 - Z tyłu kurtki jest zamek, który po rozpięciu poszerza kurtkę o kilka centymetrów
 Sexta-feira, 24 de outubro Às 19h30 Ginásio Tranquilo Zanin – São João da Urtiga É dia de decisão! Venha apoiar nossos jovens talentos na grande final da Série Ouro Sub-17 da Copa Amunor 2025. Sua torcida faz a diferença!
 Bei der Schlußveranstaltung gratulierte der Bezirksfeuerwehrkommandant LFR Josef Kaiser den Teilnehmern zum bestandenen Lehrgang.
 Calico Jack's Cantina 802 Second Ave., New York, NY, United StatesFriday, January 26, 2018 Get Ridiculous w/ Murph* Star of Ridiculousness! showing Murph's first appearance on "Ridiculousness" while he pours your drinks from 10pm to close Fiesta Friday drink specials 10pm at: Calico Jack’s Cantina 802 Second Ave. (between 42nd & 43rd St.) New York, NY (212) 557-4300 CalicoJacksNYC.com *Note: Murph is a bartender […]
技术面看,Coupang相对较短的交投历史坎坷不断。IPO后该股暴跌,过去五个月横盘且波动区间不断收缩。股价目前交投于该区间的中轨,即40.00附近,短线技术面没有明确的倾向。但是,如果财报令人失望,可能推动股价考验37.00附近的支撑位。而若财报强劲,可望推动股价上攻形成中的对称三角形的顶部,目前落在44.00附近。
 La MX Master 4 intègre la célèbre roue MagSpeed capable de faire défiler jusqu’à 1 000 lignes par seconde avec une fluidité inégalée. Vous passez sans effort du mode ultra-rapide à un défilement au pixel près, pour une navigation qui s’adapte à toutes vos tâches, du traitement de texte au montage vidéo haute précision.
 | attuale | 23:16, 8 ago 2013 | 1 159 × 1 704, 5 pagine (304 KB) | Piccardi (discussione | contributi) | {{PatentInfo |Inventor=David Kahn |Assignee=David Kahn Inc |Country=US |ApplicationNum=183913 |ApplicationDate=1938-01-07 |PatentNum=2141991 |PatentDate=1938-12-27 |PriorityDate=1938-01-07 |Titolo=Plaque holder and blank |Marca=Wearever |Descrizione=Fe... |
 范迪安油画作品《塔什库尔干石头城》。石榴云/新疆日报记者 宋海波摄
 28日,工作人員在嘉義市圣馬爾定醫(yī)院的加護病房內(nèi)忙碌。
■ ■ ■
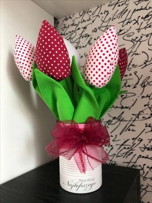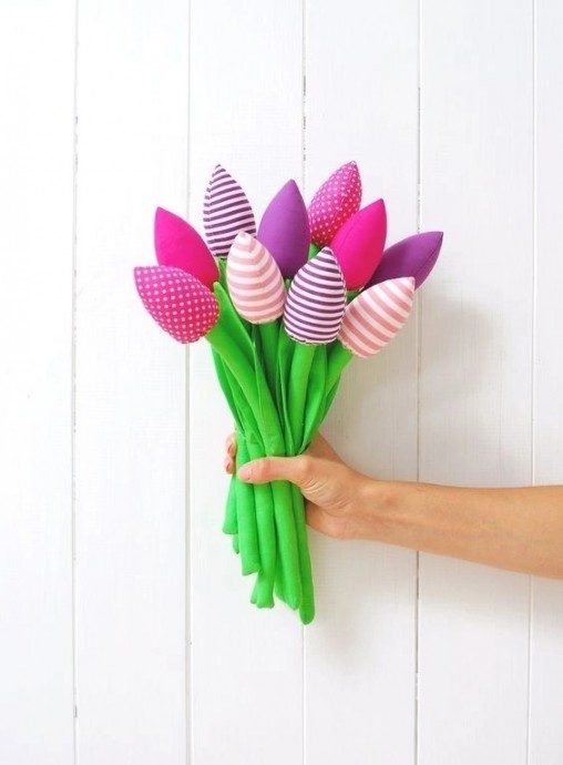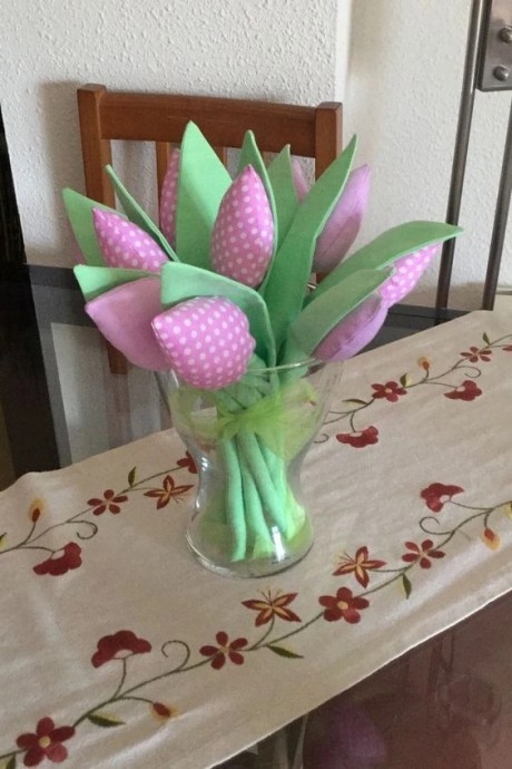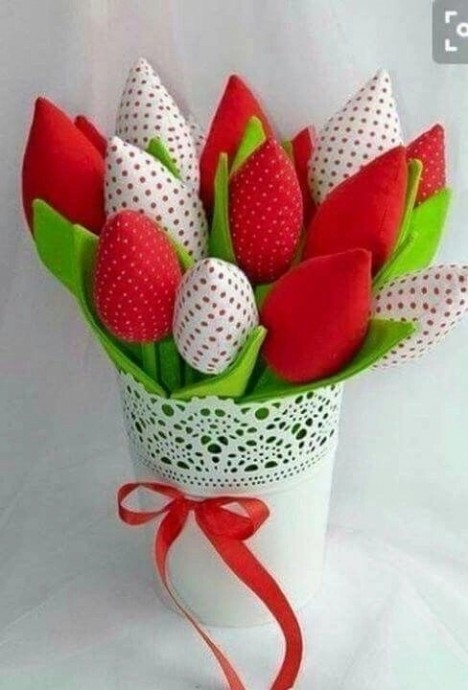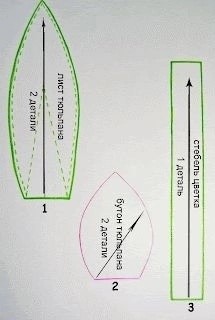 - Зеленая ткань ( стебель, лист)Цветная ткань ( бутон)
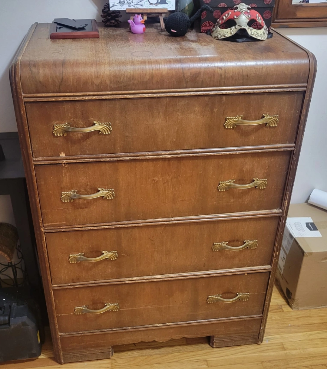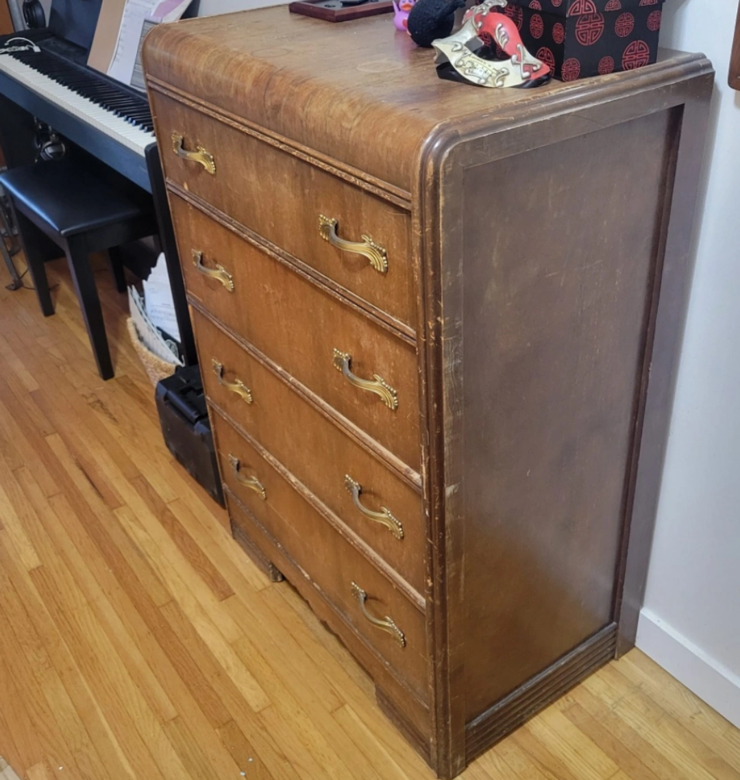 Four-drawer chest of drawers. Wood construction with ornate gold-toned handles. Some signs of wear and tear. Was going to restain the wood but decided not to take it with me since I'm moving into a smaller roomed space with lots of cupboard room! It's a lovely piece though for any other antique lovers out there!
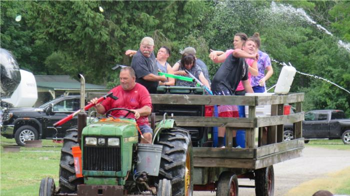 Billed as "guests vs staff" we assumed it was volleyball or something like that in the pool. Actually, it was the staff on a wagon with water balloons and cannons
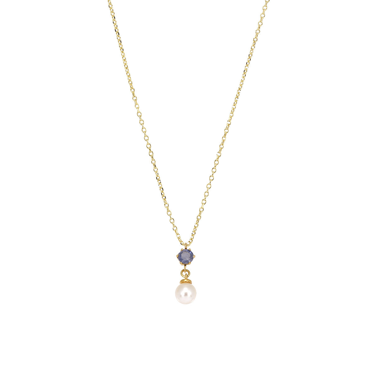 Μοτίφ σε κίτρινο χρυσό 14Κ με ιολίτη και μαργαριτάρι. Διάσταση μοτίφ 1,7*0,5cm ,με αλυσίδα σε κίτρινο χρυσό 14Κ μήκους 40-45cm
■ ■ ■
Retype word for word everything in the listing above from the line that holds "- Z tyłu kurtki" down to the line that holds "Bei der Schlußveranstaltung". Keep both end lines and leave out the rest.

▶ [Response for this exercise]:
 - Z tyłu kurtki jest zamek, który po rozpięciu poszerza kurtkę o kilka centymetrów
 Sexta-feira, 24 de outubro Às 19h30 Ginásio Tranquilo Zanin – São João da Urtiga É dia de decisão! Venha apoiar nossos jovens talentos na grande final da Série Ouro Sub-17 da Copa Amunor 2025. Sua torcida faz a diferença!
 Bei der Schlußveranstaltung gratulierte der Bezirksfeuerwehrkommandant LFR Josef Kaiser den Teilnehmern zum bestandenen Lehrgang.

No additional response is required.